Seamlessness is about bridging the gap between the world you create within your web and the world outside it. Often, this means not carrying over from traditional broadcast media restrictions or limitations that fail to make sense in interactive media.

Macrocosms and Microcosms

The big picture: entire server structure

A site-wide strategy to organize information is never easy to invent, but vitally important to your site's success as a place where information is retrieved and used, versus simply being an area in which content is stored.

Finding a metaphor

Of course, there's no single recipe or structuring mechanism which you can apply to all types of content to give you a well-designed web site. That comes from thinking about the nature of your site and your content, and the logical divisions that your content can be organized around. However, finding an existing metaphor which you can work within while also pushing the boundaries of can be an effective way to plan for the organization of a site.

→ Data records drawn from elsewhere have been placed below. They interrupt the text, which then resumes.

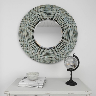 - This blue wall mirror flaunts a round shape with impressive mussel shell details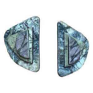 Vintage Handcrafted Earrings Purple Tan Abstract Wood Printed Pattern Fabric Pie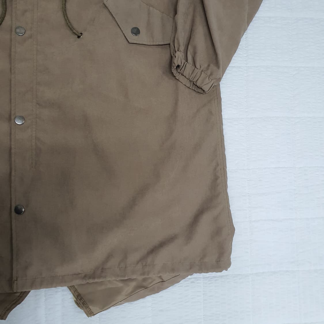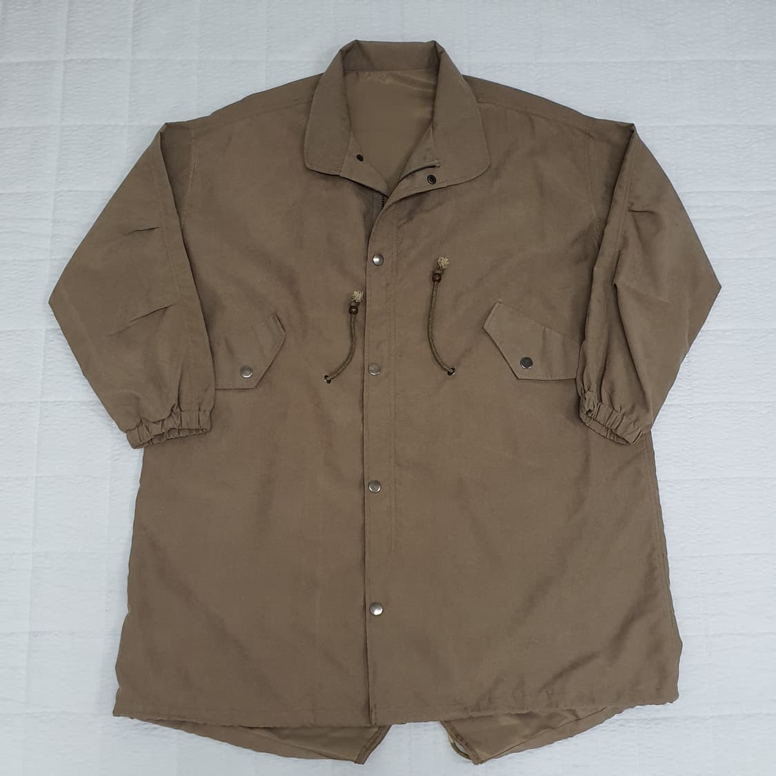 단면 68 총기장 92 멋진 야상 점퍼입니다. 안감없는 소재이구 선물받구 착용안해서 상태 깨끗합니다.보관미스로인해 아래끈쪽에 색차가 있으나 신경쓰일정도 아님니다. 프리사이즈라 105에두 여유있게 입을수 있습니다. 2벌 구매시 배송비 무료 중고O 새옷X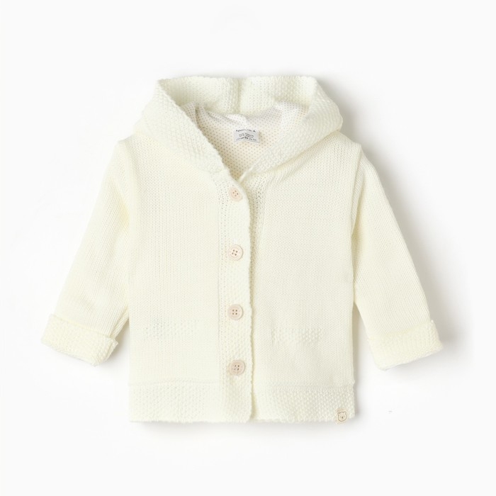 Джемпер вязаный Крошка Я с капюшоном рост 92-98 см, молочный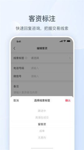 4.线索标注与跟进:与客户交流后,根据其意向强度(如高意向、需培育、已成交)为其添加标签,并可在备注中记录关键信息,便于后续制定差异化的跟进计划。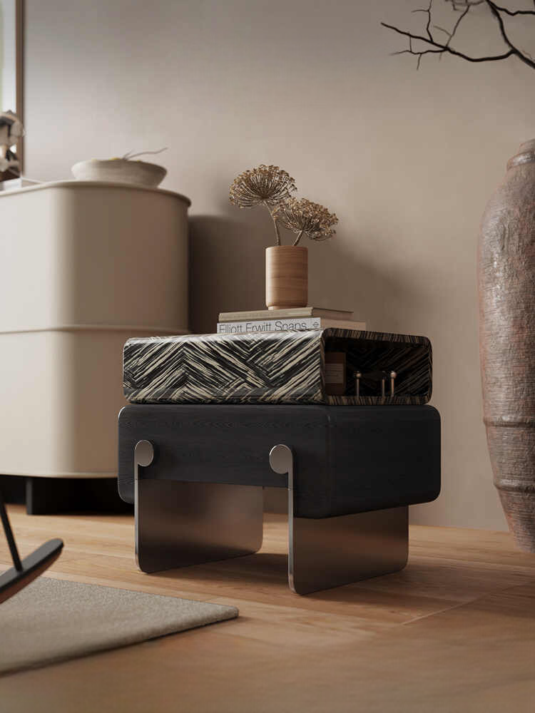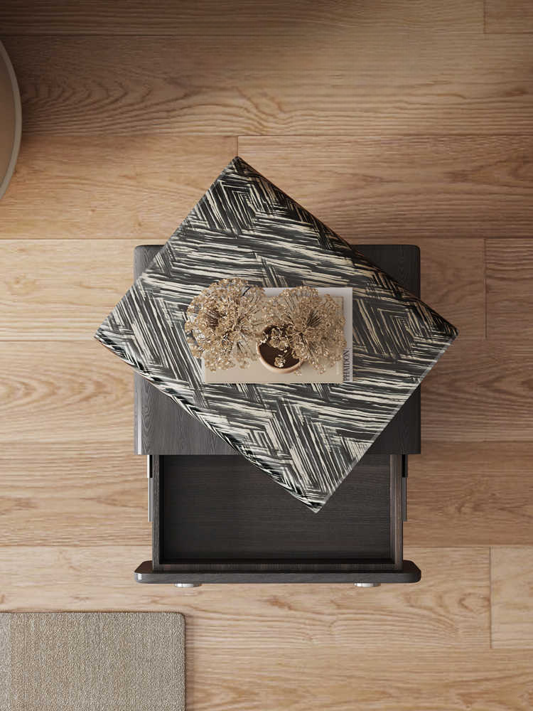 Perfect for users who appreciate designer originality, high-end wood finishes, and multi-use furniture for sophisticated, art-forward home environments.This is a designer Italian minimalist bedside cabinet in matte black ash wood, featuring a unique rotating top and sleek architectural stainless steel legs. Its compact structure (46cm long x 50cm wide x 45cm high; top tier height 13cm, middle 20cm, base 12cm; base depth 40cm) makes it ideal for modern bedrooms, as it easily fits beside your bed or sofa.

There are many obvious metaphors upon which to base a web site: thinking of your content as being organized like a book, building, or branching tree.

The book metaphor: pages of content

Books lend themselves easily to the Web: and, in fact, many books have been "ported" to the Web, for better and for worse. Books have tables of contents and indices, for quickly locating information; parts, chapters, sections, and sub-sections, for organizing content; and footnotes, endnotes, and bibliographies, for displaying links to other content. Collections of books become "libraries", complete with card catalogs and help desks.

However, books also have pages which display content statically, while computer displays have a single, dynamic screen. A book metaphor quickly falls apart when applied to the Web on a page level: you could choose to consider a single HTML document a "page", causing you to break up content into arbitrarily small and hard to manage, difficult to navigate pieces; or you could think of whatever text and graphics being currently displayed on a screen as a "page", which could easily drown the user in a sea of text without the benefit of traditional navigational tools such as page breaks and numbering of pages. The screen is not a page.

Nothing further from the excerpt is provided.